[Collection entries]
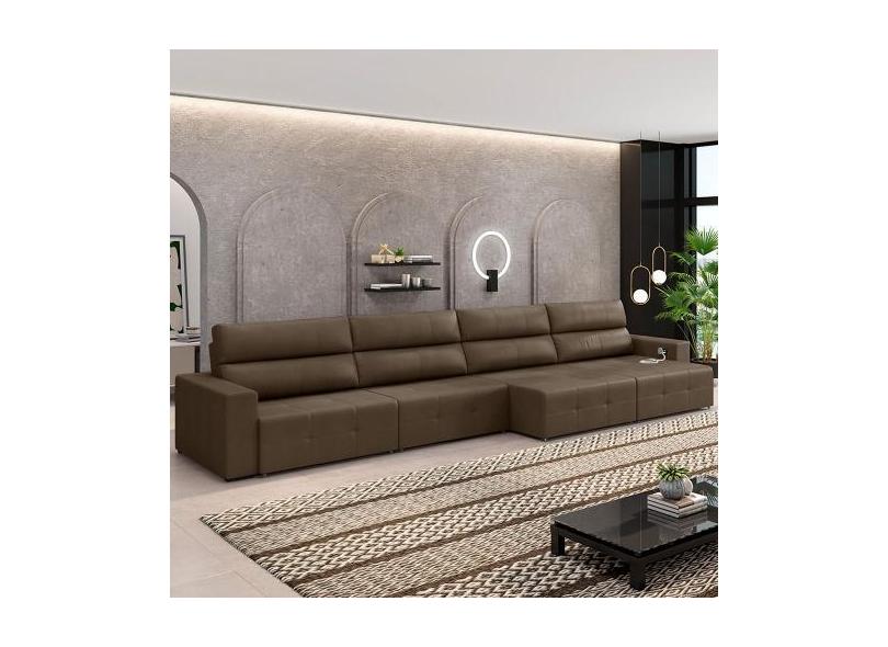 Sofá Retrátil 8 Lugares 524cm 4 Módulos Nero Com Usb Couro Cappuccino
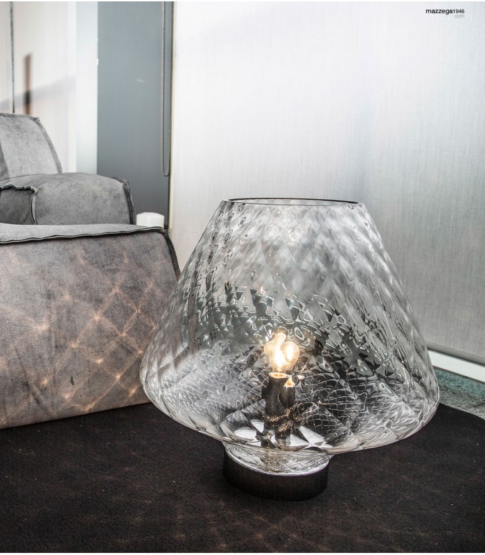Mazzega 1946 propone la nuova collezione di lampade dal design raffinato ed elegante, una collezione di lampade che prevede varie soluzioni di illuminazione degli spazi. Stiamo parlando di Snifter una lampada da tavolo o comodino con base e struttura in metallo cromato e composta da un prezioso diffusore dalle forme gentili e morbide in cristallo lavorato a mano con l'antica tecnica muranese ballotton, che conferisce alla superficie del cristallo un effetto di bolle e geometrie davvero unico.
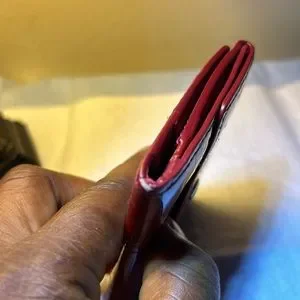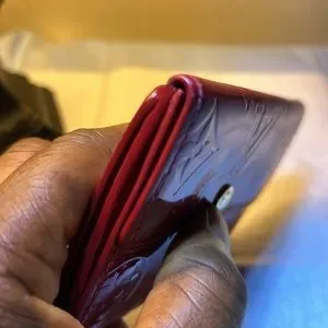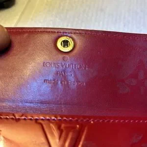 Louis Vuitton red Vernis Wallet. This is a used wallet! Absolutely amazing condition! Some very light rubbing on the corners, and exterior.snaps works perfectly, No odor. Has two pockets, one zip pocket in the middle, and two card slots on the front. Does have a date code in the corner of the pocket and is authentic!
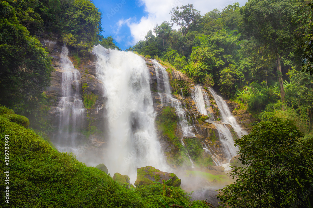 Wachirathan Waterfall is a large waterfall in deep forest on Doi Inthanon, Chiang Mai, Thailand.
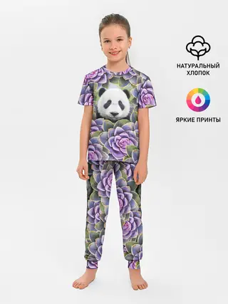 Детская пижама с брюками / Панда среди цветов
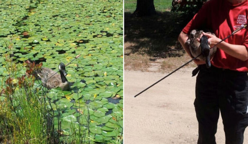 On July 28th, the Boston Globe reports, the Animal Rescue League of Boston received a call that a Canada goose with an arrow in his head had been spotted swimming (and almost certainly freaking out other geese) in a pond near Plymouth. He had been shot in the head by two boys playing with a bow and arrow. (According to the paper, as punishment, the boys were educated about state hunting regulations and “the dangers of bows and arrows," which would be worse than prison to a child.)
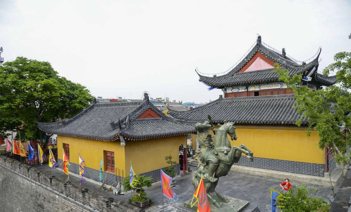 已建成的關(guān)羽祠為第一期工程,由山門(mén)、主殿、祥和殿(東配殿)、誠(chéng)信殿(西配殿)四大建筑構(gòu)成。主殿內(nèi)塑關(guān)羽坐像,左邊塑關(guān)羽的長(zhǎng)子關(guān)平像,右邊塑關(guān)羽的次子關(guān)興像,四周照壁繪《三國(guó)演義》壁畫(huà),主殿二樓陳列關(guān)公圣跡沙盤(pán)。版權(quán)所有山東聊城聊之旅國(guó)際旅行社有限公司,轉(zhuǎn)載必究!祥和殿內(nèi)塑關(guān)羽一家四代九口的全家福像。誠(chéng)信殿內(nèi)塑劉備、關(guān)羽、張飛、趙云、諸葛亮五人的頭像,神態(tài)各異,栩栩如生。
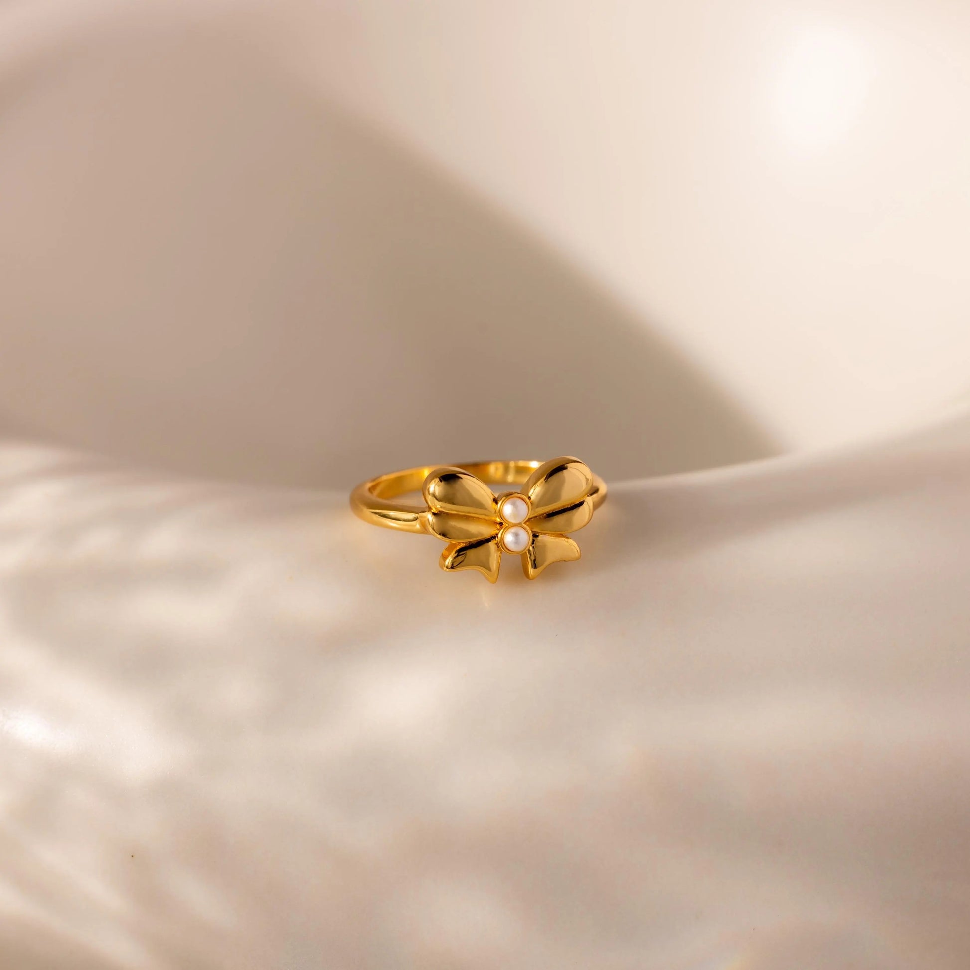 Sweet, polished, and undeniably pretty, our Bow Ring pairs a delicate gold bow with two tiny pearls for the perfect feminine flourish. A subtle statement with vintage-inspired charm, it’s made to shine on its own or stack effortlessly ✨
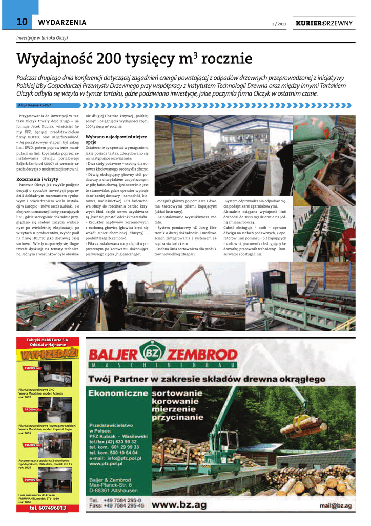 10 WYDARZENIA 1 / 2011 Inwestycje w tartaku Olczyk Wydajność 200 tysięcy m3 rocznie Podczas drugiego dnia konferencji dotyczącej zagadnień energii powstającej z odpadów drzewnych przeprowadzonej z inicjatywy Polskiej Izby Gospodarczej Przemysłu Drzewnego przy współpracy z Instytutem Technologii Drewna oraz między innymi Tartakiem Olczyk odbyła się wizyta w tymże tartaku, gdzie podziwiano inwestycje, jakie poczyniła firma Olczyk w ostatnim czasie. Alicja Bagnucka-Rief - Przygotowania do inwestycji w tartaku Olczyk trwały dość długo – informuje Jacek Kubiak, właściciel firmy PFZ, będącej przedstawicielem firmy HOLTEC oraz Baljer&Zembrod. – Jej początkowym etapem był zakup linii EWD, potem poprawienie manipulacji na linii kopalniaka poprzez zainstalowania dźwigu portalowego Baljer&Zembrod (2007) aż wreszcie zapadła decyzja o modernizacji sortowni. Rozeznania i wizyty - Panowie Olczyk jak zwykle podjęcie decyzji o sposobie inwestycji poprzedzili dokładnym rozeznaniem rynkowym i odwiedzeniem wielu instalacji w Europie – mówi Jacek Kubiak. - Po obejrzeniu znacznej liczby pracujących linii, gdzie szczególnie dokładnie przyglądano się śladom zużycia widocznym po wieloletniej eksploatacji, po wizytach u producentów, wybór padł na firmę HOLTEC jako dostawcę całej sortowni. Wtedy rozpoczęły się długotrwałe dyskusje na tematy techniczne. Jednym z warunków było obrabia- nie długiej i bardzo krzywej „polskiej sosny” i osiągnięcia wydajności rzędu 200 tysięcy m3 rocznie. Wybrano najodpowiedniejsze opcje Ostatecznie by sprostać wymaganiom, jakie posiada tartak, zdecydowano się na następujące rozwiązania: - Dwa stoły podawcze – osobny dla surowca kłodowanego, osobny dla dłużyc. - Dźwig obsługujący główny stół podawczy z chwytakiem zaopatrzonym w piłę łańcuchową, (jednocześnie jest to stanowisko, gdzie operator wpisuje dane każdej dostawy – samochód, kierowca, nadleśnictwo). Piła łańcuchowa służy do rozcinania bardzo krzywych kłód, dzięki czemu uzyskiwane są „bardziej proste” odcinki materiału. - Reduktor napływów korzeniowych z ruchomą głowicą (głowica kręci się wokół unieruchomionej dłużycy) – produkt Baljer&Zembrod. - Piła zainstalowana na podajniku poprzecznym po korowaniu dokonująca pierwszego cięcia „higienicznego”. - Podajnik główny po pomiarze z dwoma tarczowymi piłami kapującymi (układ lustrzany). - Zainstalowanie wyszukiwacza metalu. - System pomiarowy 3D Joerg Elektronik o dużej dokładności i możliwościach zintegrowania z systemem zarządzania tartakiem. - Osobna linia sortownicza dla produktów niewielkiej długości. - System odprowadzania odpadów cięcia podajnikami zgarniakowymi. Aktualnie osiągana wydajność linii dochodzi do 1000 m3 dziennie na jedną zmianę roboczą. Całość obsługuje 5 osób – operator dźwigu na stołach podawczych, 2 operatorów linii pomiaru - pił kapujących - sortowni, pracownik obsługujący ładowarkę, pracownik techniczny – konserwacje i obsługa linii. Fot. KD MEDIA Fabryki Mebli Forte S.A Oddział w Hajnówce 158 000 PLN Pilarka krzywoliniowa CNC Veneta Macchine, model: Atlantis rok: 2007 79 000 PLN Pilarka krzywoliniowa (wymagany szablon) Veneta Macchine, model: Imperial Eagle rok: 2005 106 000 PLN Automatyczna czopiarka 2-głowicowa z podajnikiem, Balestrini, model: Pro 15 rok: 2005 300 000 PLN Linia suszarnicza do krzeseł FMIMPIANTI, model: ST6-1030 rok: 2006 tel. 607496013 WYDARZENIA 1 / 2011 Zdjęcia z etapów: przygotowania i realizacji inwestycji. Fot. Jacek Kubiak Fot. KD MEDIA Ciąg technologiczny w tartaku Olczyk po przeprowadzonych inwestycjach: - 2 stoły podawcze – oddzielny dla dłużycy, oddzielny dla surowca kłodowanego, z których materiał (poprzez podajniki rozdzielające materiał na pojedyncze sztuki) trafia na podajnik prowadzący do korowarki VK. Oba stoły obsługuje dźwig stacjonarny (wykorzystany ze starej linii sortującej). Na stole dłużyc zainstalowana hydrauliczna płyta ustawiająca, której zadaniem jest odpowiednie ustawienie dłużycy przed ogławianiem (redukcja napływów korzeniowych – producent Baljer & Zembrod). - Za korowarką materiał trafia na zespół podajników poprzecznych, gdzie odcinany jest fragment odziomkowy (piła tarczowa) i potem pojedynczo, podajnikiem wzdłużnym przechodzi przez pomiar laserowy Joerg Elektronik GmbH (wieloletni sprawdzony partner firmy HOLTEC w zakresie pomiaru, optymalizacji podziału i zarządzania linią sortowniczą). System poprzez łącza internetowe może być nadzorowany bezpośrednio z niemieckiej siedziby producenta. W wielu krajach Europy Zachodniej pomiar Joerg posiada państwową certyfikację oznaczającą legalizację tak dokonanego pomiaru i stosowanie jej do faktycznych rozliczeń z dostawcą drewna. - Dane z pomiaru pokazują się na monitorach obsługi pił z propozycją podziału kłody wg wprowadzonych do systemu zamówień. (Kłoda z centralnego podajnika podawana jest na jedną lub drugą stronę – zależnie od obłożenia – do którejś tarczowej piły kapującej). Operator może zaakceptować propozycję lub może zmienić podział (stwierdzając np. złą jakość w którymś z fragmentów materiału). Po ustaleniu podziału piła kapująca współpracująca z wagonikiem ustalania wymiaru docina drewno, które wraca na ciąg sortowniczy i po przejściu przez detektor metalu trafia do odpowiedniego boksu. Stamtąd zabierana jest przez ładowarkę na linię przetarcia lub inne linie produkcyjne Tartaku Olczyk. Na oddzielnych krótkich podajnikach taśmowych przenoszone są krótkie odcinki materiału i trafiają one do wydzielonych boksów z systemem zrzucającym dostosowanych właśnie do krótkiego materiału. - Kabiny operatorów znajdują się nad pomieszczeniem technicznym, gdzie umieszczone są wszystkie szafy sterujące elektryczne, agregaty hydrauliczne, systemy smarowania i inne media techn

* _Work instruction_: The answer should contain nothing but the lines from the top of the data above through the line containing "已建成的關(guān)羽祠為", copied exactly, with no images.

* _Answer box_:
 Sofá Retrátil 8 Lugares 524cm 4 Módulos Nero Com Usb Couro Cappuccino
Mazzega 1946 propone la nuova collezione di lampade dal design raffinato ed elegante, una collezione di lampade che prevede varie soluzioni di illuminazione degli spazi. Stiamo parlando di Snifter una lampada da tavolo o comodino con base e struttura in metallo cromato e composta da un prezioso diffusore dalle forme gentili e morbide in cristallo lavorato a mano con l'antica tecnica muranese ballotton, che conferisce alla superficie del cristallo un effetto di bolle e geometrie davvero unico.
 Louis Vuitton red Vernis Wallet. This is a used wallet! Absolutely amazing condition! Some very light rubbing on the corners, and exterior.snaps works perfectly, No odor. Has two pockets, one zip pocket in the middle, and two card slots on the front. Does have a date code in the corner of the pocket and is authentic!
 Wachirathan Waterfall is a large waterfall in deep forest on Doi Inthanon, Chiang Mai, Thailand.
 Детская пижама с брюками / Панда среди цветов
 On July 28th, the Boston Globe reports, the Animal Rescue League of Boston received a call that a Canada goose with an arrow in his head had been spotted swimming (and almost certainly freaking out other geese) in a pond near Plymouth. He had been shot in the head by two boys playing with a bow and arrow. (According to the paper, as punishment, the boys were educated about state hunting regulations and “the dangers of bows and arrows," which would be worse than prison to a child.)
 已建成的關(guān)羽祠為第一期工程,由山門(mén)、主殿、祥和殿(東配殿)、誠(chéng)信殿(西配殿)四大建筑構(gòu)成。主殿內(nèi)塑關(guān)羽坐像,左邊塑關(guān)羽的長(zhǎng)子關(guān)平像,右邊塑關(guān)羽的次子關(guān)興像,四周照壁繪《三國(guó)演義》壁畫(huà),主殿二樓陳列關(guān)公圣跡沙盤(pán)。版權(quán)所有山東聊城聊之旅國(guó)際旅行社有限公司,轉(zhuǎn)載必究!祥和殿內(nèi)塑關(guān)羽一家四代九口的全家福像。誠(chéng)信殿內(nèi)塑劉備、關(guān)羽、張飛、趙云、諸葛亮五人的頭像,神態(tài)各異,栩栩如生。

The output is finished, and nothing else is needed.